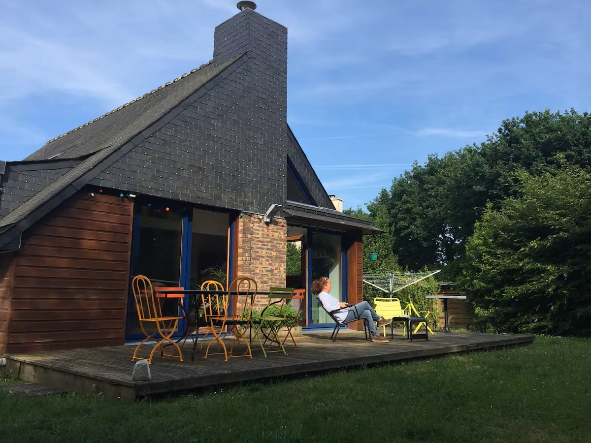 Au cœur du bourg de Séné, au bord du Golfe du Morbihan, maison en bois indépendante et sa terrasse donnant sur un joli jardin ouvrant sur les arbres, comme dans une clairière, sans vis à vis et très calme.
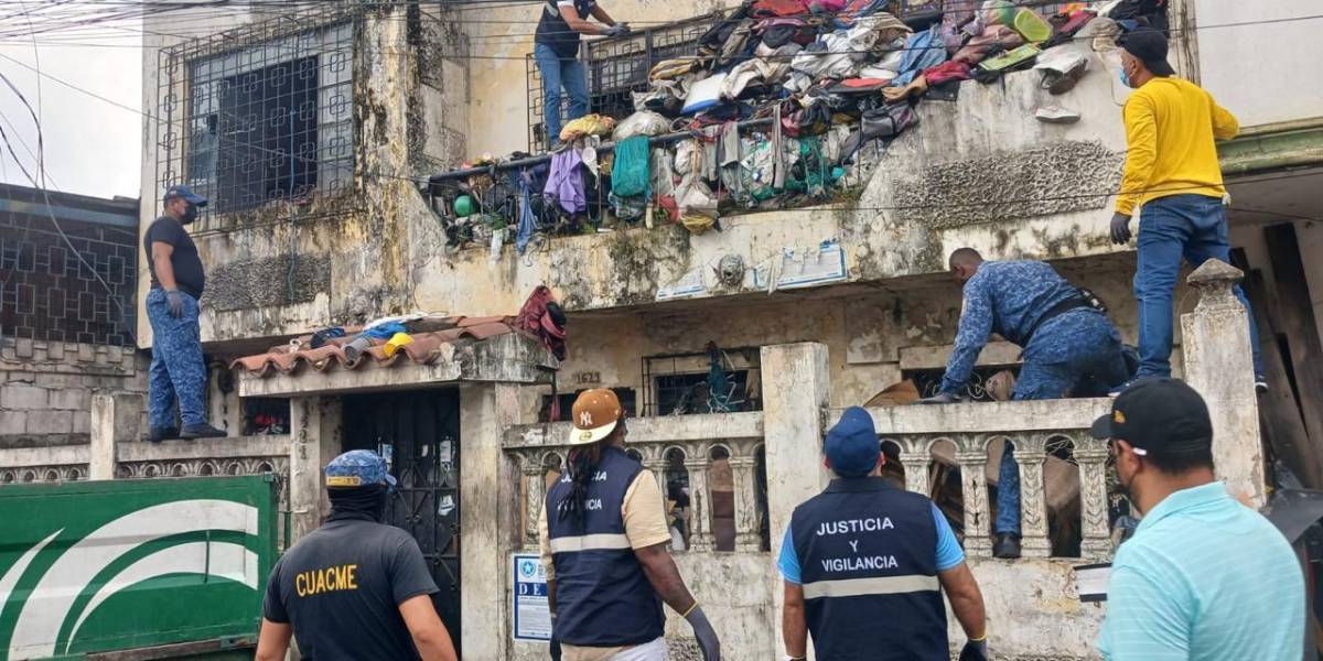 Personal de la Dirección de Justicia y Vigilancia, de la Dirección de Aseo Cantonal, Mercados y Servicios Especiales (Dacmse) y de Urvaseo acudió al sitio para las tareas de limpieza.
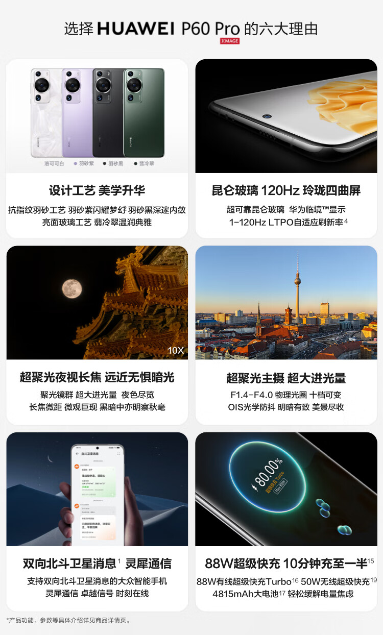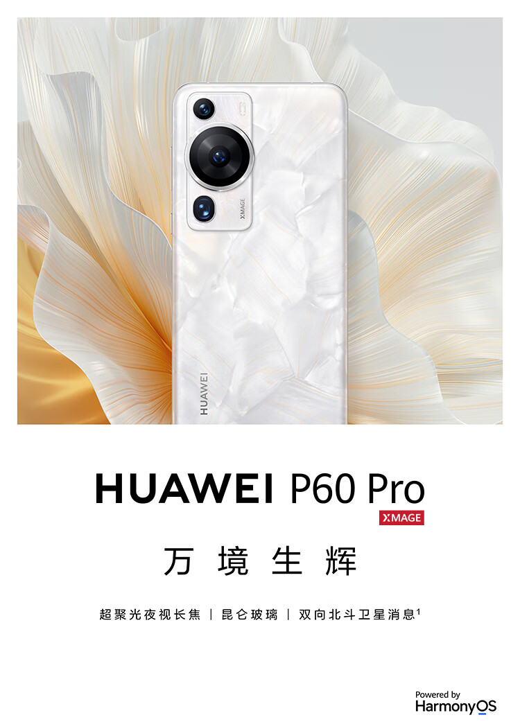 商品名称:华为/HUAWEI P60 Pro 超聚光夜视长焦 昆仑玻璃 双向北斗卫星消息 256GB 洛可可白 鸿蒙智能旗舰手机
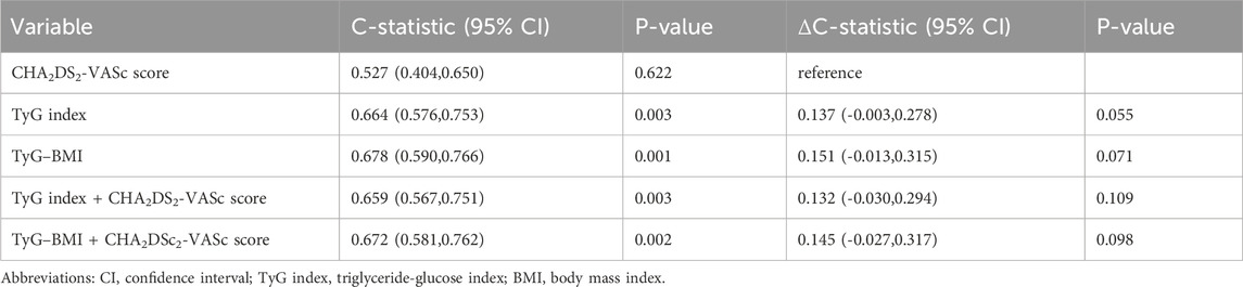 In patients receiving no anticoagulant at admission, despite the inability to predict LAT by CHA2DS2-VASc score (C-statistic: 0.527, 95% CI: 0.404–0.650, p = 0.746) alone, the TyG index incorporated into the CHA2DS2-VASc score (C-statistic: 0.659, 95% CI: 0.567–0.751, p = 0.003) and TyG–BMI incorporated into the CHA2DS2-VASc score (C-statistic: 0.672, 95% CI: 0.581–0.762, p = 0.002) were still associated with risk of LAT. However, the difference in the predictive ability between the two composite schemes and the CHA2DS2-VASc score alone did not reach statistical significance (p = 0.109 and 0.098, respectively; Table 6).
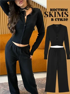 Трикотажный приталенный костюм двойка в стиле SKIMS
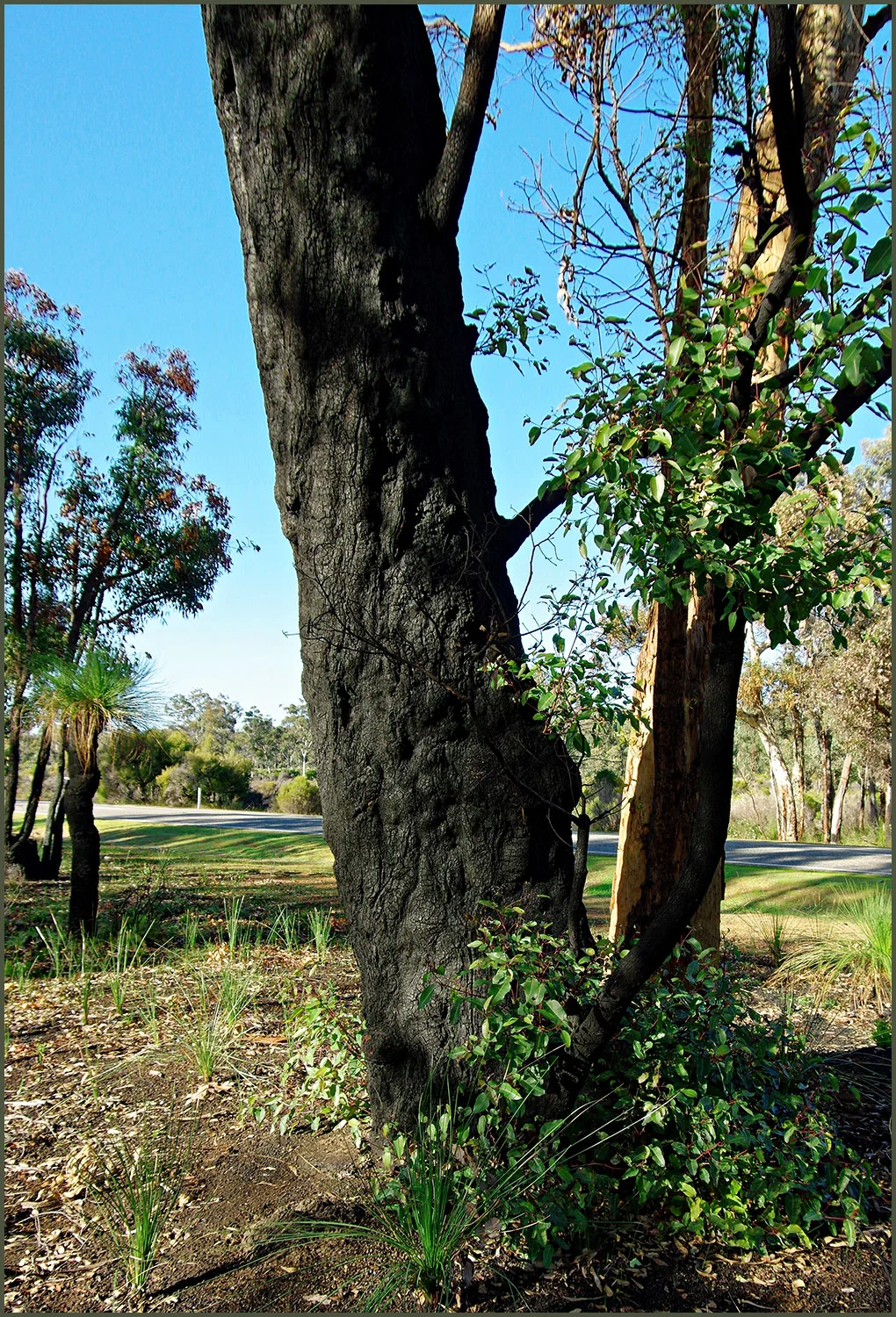 I like effect of the sun shining directly on the burnt part of the tree and silky shine that it gives it. Pity about the bitumen road in the background—such is the life of a photographer.
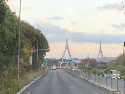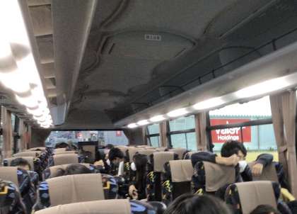 豊田東インターから高速道路に乗りました。伊勢湾岸道を通り西へ向かいます。落ち着いてバス内で過ごしています。

━━━━

You are asked to output the records precisely as they appear, minus any pictures.

• **Task result**:
 Au cœur du bourg de Séné, au bord du Golfe du Morbihan, maison en bois indépendante et sa terrasse donnant sur un joli jardin ouvrant sur les arbres, comme dans une clairière, sans vis à vis et très calme.
 Personal de la Dirección de Justicia y Vigilancia, de la Dirección de Aseo Cantonal, Mercados y Servicios Especiales (Dacmse) y de Urvaseo acudió al sitio para las tareas de limpieza.
 商品名称:华为/HUAWEI P60 Pro 超聚光夜视长焦 昆仑玻璃 双向北斗卫星消息 256GB 洛可可白 鸿蒙智能旗舰手机
 In patients receiving no anticoagulant at admission, despite the inability to predict LAT by CHA2DS2-VASc score (C-statistic: 0.527, 95% CI: 0.404–0.650, p = 0.746) alone, the TyG index incorporated into the CHA2DS2-VASc score (C-statistic: 0.659, 95% CI: 0.567–0.751, p = 0.003) and TyG–BMI incorporated into the CHA2DS2-VASc score (C-statistic: 0.672, 95% CI: 0.581–0.762, p = 0.002) were still associated with risk of LAT. However, the difference in the predictive ability between the two composite schemes and the CHA2DS2-VASc score alone did not reach statistical significance (p = 0.109 and 0.098, respectively; Table 6).
 Трикотажный приталенный костюм двойка в стиле SKIMS
 I like effect of the sun shining directly on the burnt part of the tree and silky shine that it gives it. Pity about the bitumen road in the background—such is the life of a photographer.
 豊田東インターから高速道路に乗りました。伊勢湾岸道を通り西へ向かいます。落ち着いてバス内で過ごしています。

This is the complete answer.